Taking the data below, please print only the lines from the line holding "Latest News On The Sultan Of Selangor" to the line holding "Zip-front styling creates", inclusive, with pictures omitted.

**THE DATA**

Content starts

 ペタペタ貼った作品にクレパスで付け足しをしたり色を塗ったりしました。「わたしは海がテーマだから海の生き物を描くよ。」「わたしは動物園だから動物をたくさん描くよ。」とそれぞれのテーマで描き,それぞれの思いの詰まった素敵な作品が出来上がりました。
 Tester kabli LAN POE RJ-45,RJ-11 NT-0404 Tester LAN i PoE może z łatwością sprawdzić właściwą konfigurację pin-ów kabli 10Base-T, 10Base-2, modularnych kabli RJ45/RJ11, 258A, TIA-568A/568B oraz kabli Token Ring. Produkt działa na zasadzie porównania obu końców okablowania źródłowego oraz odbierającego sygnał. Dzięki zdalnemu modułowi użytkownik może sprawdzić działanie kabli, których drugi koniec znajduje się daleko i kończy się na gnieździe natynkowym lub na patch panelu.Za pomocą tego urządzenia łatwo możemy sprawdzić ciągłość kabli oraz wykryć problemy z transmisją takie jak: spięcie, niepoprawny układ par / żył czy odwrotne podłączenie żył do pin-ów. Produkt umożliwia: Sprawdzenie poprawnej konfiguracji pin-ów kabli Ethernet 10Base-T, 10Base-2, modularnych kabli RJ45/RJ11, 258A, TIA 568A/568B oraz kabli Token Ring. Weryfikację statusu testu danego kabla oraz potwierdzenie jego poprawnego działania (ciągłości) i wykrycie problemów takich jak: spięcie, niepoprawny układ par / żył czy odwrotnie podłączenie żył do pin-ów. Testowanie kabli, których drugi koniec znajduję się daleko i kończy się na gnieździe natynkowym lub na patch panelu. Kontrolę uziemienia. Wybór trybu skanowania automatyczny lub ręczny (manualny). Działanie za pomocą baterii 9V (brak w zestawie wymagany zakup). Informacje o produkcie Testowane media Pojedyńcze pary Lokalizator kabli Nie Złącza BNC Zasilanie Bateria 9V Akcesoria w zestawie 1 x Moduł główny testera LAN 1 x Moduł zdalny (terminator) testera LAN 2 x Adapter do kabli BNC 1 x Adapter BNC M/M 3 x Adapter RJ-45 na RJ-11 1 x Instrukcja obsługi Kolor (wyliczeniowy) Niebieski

Content ends
Content starts

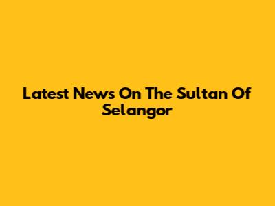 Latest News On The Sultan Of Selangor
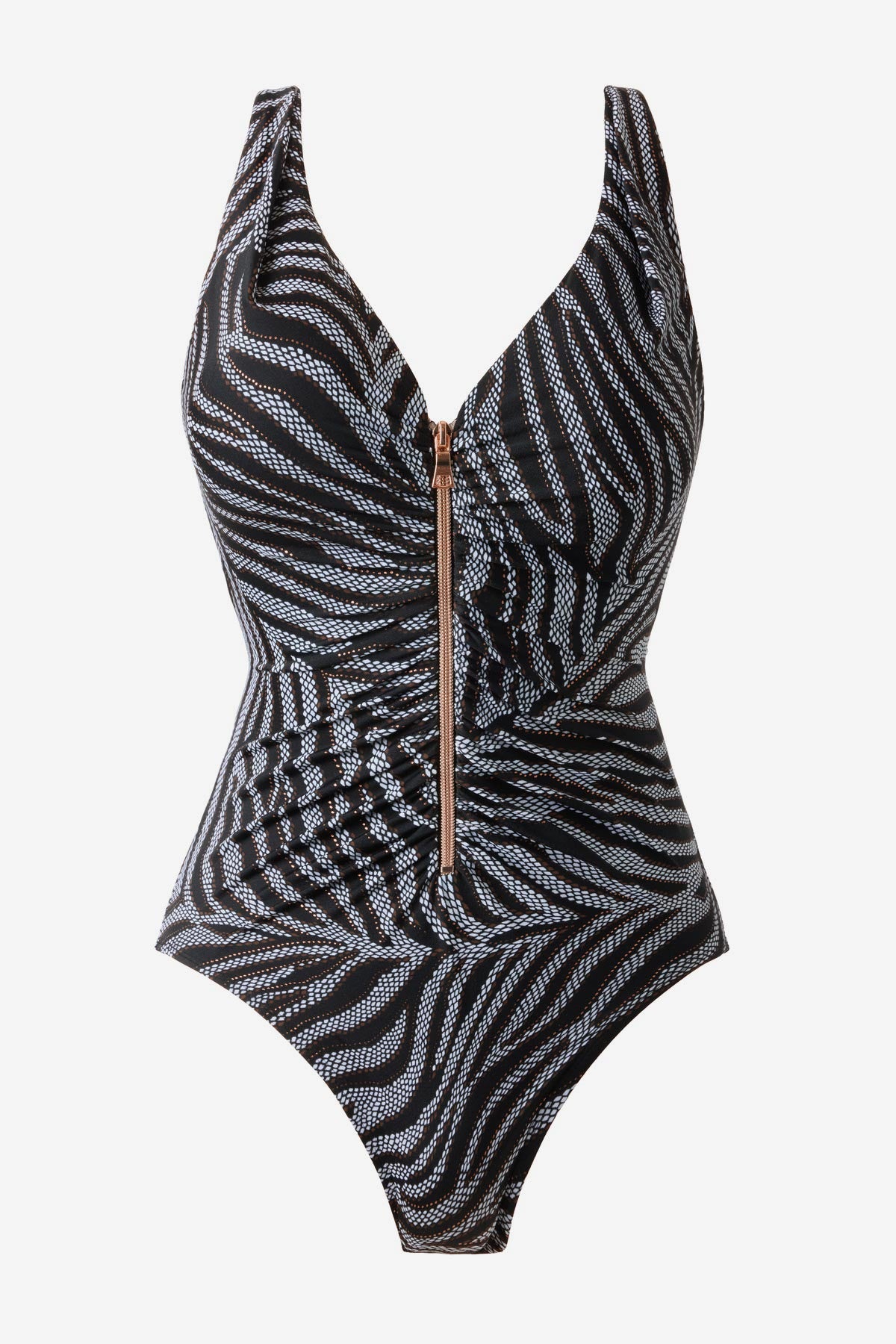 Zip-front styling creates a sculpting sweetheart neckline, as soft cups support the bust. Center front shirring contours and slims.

Content ends

**ANSWER TO THIS TASK**
 Latest News On The Sultan Of Selangor
 Zip-front styling creates a sculpting sweetheart neckline, as soft cups support the bust. Center front shirring contours and slims.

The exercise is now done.